SPE Europe: AI-Based Anomaly Detection in Logging Data 

SPE BANNER TALK FABIO CONCINA

At the 2025 SPE Europe Energy Conference and Exhibition in Vienna, Fabio Concina from Kwantis presented an innovative AI-based solution aimed at enhancing the quality of surface logging data. His work, titled “Detecting Low-Quality Intervals in Surface Logging Data Using AI-Based Anomaly Detection,” demonstrates how advanced machine learning techniques can effectively identify and address low-quality intervals within surface logging datasets. By applying anomaly detection algorithms, this approach offers the potential to significantly improve data reliability, streamline analysis, and support better decision-making in drilling operations. 

The Challenge: Data Quality in Surface Logging 

Surface logging data is essential for safe and efficient drilling operations, but this time-series data often contains anomalies caused by sensor errors or processing faults. Detecting these low-quality intervals early is crucial to ensure reliable, real-time decision-making and to maintain operational integrity. 

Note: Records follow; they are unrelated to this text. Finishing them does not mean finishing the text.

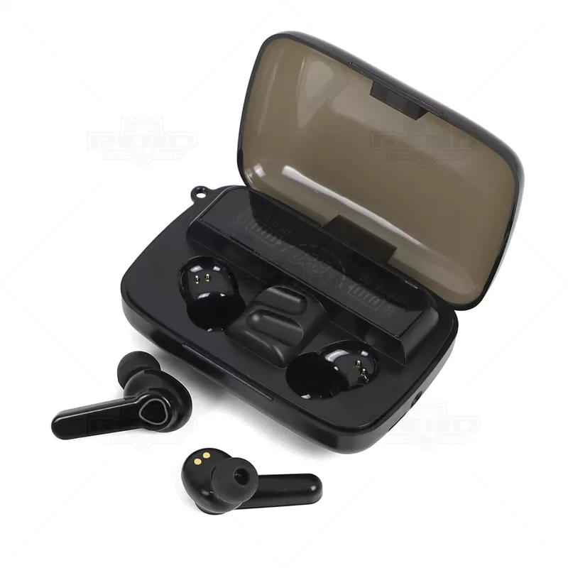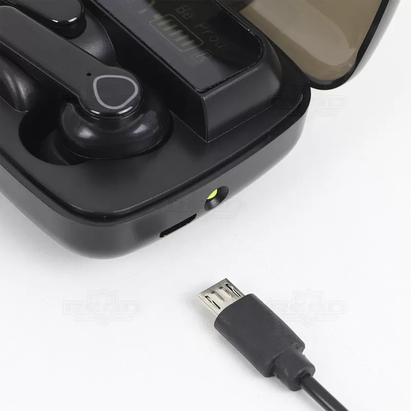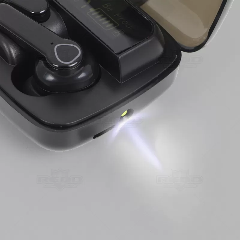 Fone de ouvido intra-auriculares com tela de LED e caixa de carregamento personalizada, com microfone embutido e slot de carregamento preto tendo portas USB e MicroUSB. Com a mais avançada tecnologia é compatível com todos os dispositivos IOS e Android, transmissão rápida e estável. Qualidade de som estéreo surround, aprimoram sua experiência de audição, oferecendo som de alta fidelidade. Equipado com alto-falante que fornece som verdadeiro e desempenho poderoso, você pode se divertir totalmente ouvindo sua música no cotidiano e nos esportes. Com display de bateria e fechamento magnético, o case pode ser utilizado também como um power bank de baixa capacidade para emergênciase conta ainda com uma lanterna. Material plástico. Acompanha 2 pares de borrachas em diferentes tamanhos e cabo USB. Ideal para brindes promocionais e eventos corporativos.
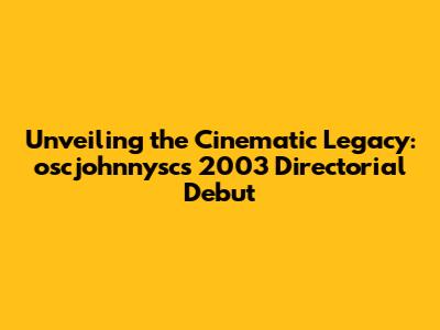 Unveiling The Cinematic Legacy: Oscjohnnysc's 2003 Directorial Debut
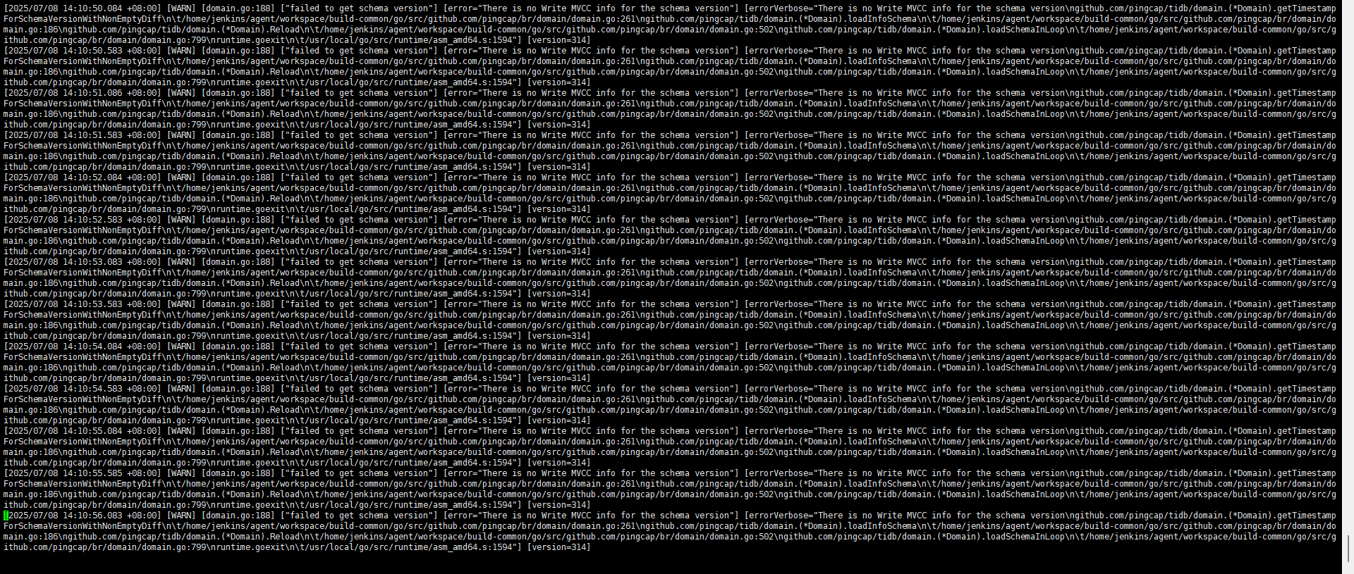 [2025/07/02 14:51:36.283 +08:00] [INFO] [info.go:49] [“Welcome to Backup & Restore (BR)”] [release-version=v6.6.0] [git-hash=f4ca0821fb96a2bdd37d2fb97eb26c07fc58d4e4] [git-branch=heads/refs/tags/v6.6.0] [go-version=go1.19.5] [utc-build-time=“2023-02-17 14:40:21”] [race-enabled=false]

The Solution: Combining Classical Methods with AI 

At the SPE Europe Energy Conference & Exhibition, Kwantis presented a powerful AI-based anomaly detection pipeline. Their method integrates traditional statistical techniques for simple anomaly detection with AI models capable of uncovering more complex, multivariate issues that conventional rule-based systems typically overlook. 

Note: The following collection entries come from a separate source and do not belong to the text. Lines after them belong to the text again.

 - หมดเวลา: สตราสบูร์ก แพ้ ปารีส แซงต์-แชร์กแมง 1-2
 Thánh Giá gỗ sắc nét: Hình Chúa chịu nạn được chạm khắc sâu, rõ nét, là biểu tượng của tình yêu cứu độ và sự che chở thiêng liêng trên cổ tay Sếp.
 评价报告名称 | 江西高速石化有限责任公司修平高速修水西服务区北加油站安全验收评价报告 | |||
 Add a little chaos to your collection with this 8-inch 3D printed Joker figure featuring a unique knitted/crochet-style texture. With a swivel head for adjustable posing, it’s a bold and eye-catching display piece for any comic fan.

The Approach: Anomaly Detection Pipeline 

The process starts with classical preprocessing methods such as threshold filtering and analyzing variable relationships. The pipeline then applies an autoencoder—a type of neural network—to reconstruct normal data patterns. Deviations between the original and reconstructed signals highlight potential anomalies. To accurately classify these, the team developed a distribution-based thresholding technique, outperforming standard percentile or Z-score methods. 

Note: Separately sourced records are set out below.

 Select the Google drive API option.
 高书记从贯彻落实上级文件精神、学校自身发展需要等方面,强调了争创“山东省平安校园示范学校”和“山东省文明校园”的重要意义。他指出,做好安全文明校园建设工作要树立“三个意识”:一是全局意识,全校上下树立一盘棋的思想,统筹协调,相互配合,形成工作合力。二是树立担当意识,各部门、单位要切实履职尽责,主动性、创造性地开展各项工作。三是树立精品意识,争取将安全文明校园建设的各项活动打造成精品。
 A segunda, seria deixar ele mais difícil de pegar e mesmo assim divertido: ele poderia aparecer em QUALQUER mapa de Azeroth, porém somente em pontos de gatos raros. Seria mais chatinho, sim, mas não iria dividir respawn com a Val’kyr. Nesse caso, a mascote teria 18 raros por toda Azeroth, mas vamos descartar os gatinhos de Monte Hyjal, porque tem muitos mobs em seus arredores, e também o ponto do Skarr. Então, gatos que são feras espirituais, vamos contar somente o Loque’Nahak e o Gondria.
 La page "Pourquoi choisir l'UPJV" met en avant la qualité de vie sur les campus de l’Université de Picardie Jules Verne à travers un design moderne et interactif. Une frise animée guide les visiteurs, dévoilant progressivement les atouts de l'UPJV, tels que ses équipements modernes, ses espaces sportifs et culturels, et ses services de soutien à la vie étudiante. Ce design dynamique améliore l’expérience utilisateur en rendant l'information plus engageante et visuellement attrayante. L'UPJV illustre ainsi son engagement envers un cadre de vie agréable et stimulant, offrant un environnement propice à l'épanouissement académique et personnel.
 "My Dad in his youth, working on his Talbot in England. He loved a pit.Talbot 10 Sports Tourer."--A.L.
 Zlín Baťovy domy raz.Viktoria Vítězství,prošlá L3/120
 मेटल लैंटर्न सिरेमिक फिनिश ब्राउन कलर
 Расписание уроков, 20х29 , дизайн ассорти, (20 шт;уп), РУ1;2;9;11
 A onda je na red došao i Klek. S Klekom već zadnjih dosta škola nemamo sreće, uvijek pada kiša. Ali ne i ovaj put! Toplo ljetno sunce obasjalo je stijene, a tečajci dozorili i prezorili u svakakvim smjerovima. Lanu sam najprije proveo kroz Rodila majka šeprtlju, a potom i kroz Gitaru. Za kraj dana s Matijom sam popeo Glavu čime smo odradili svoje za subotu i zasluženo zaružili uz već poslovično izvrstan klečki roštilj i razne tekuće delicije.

The Impact: Enhancing Data Reliability 

This AI-driven solution enables more effective identification of low-quality intervals in surface logging data, improving the accuracy of operational decisions and reducing the risk of misinterpretation. Looking ahead, the team plans to explore probabilistic models like Variational Autoencoders and algorithmic techniques like Matrix Profile to further advance anomaly detection in this critical field.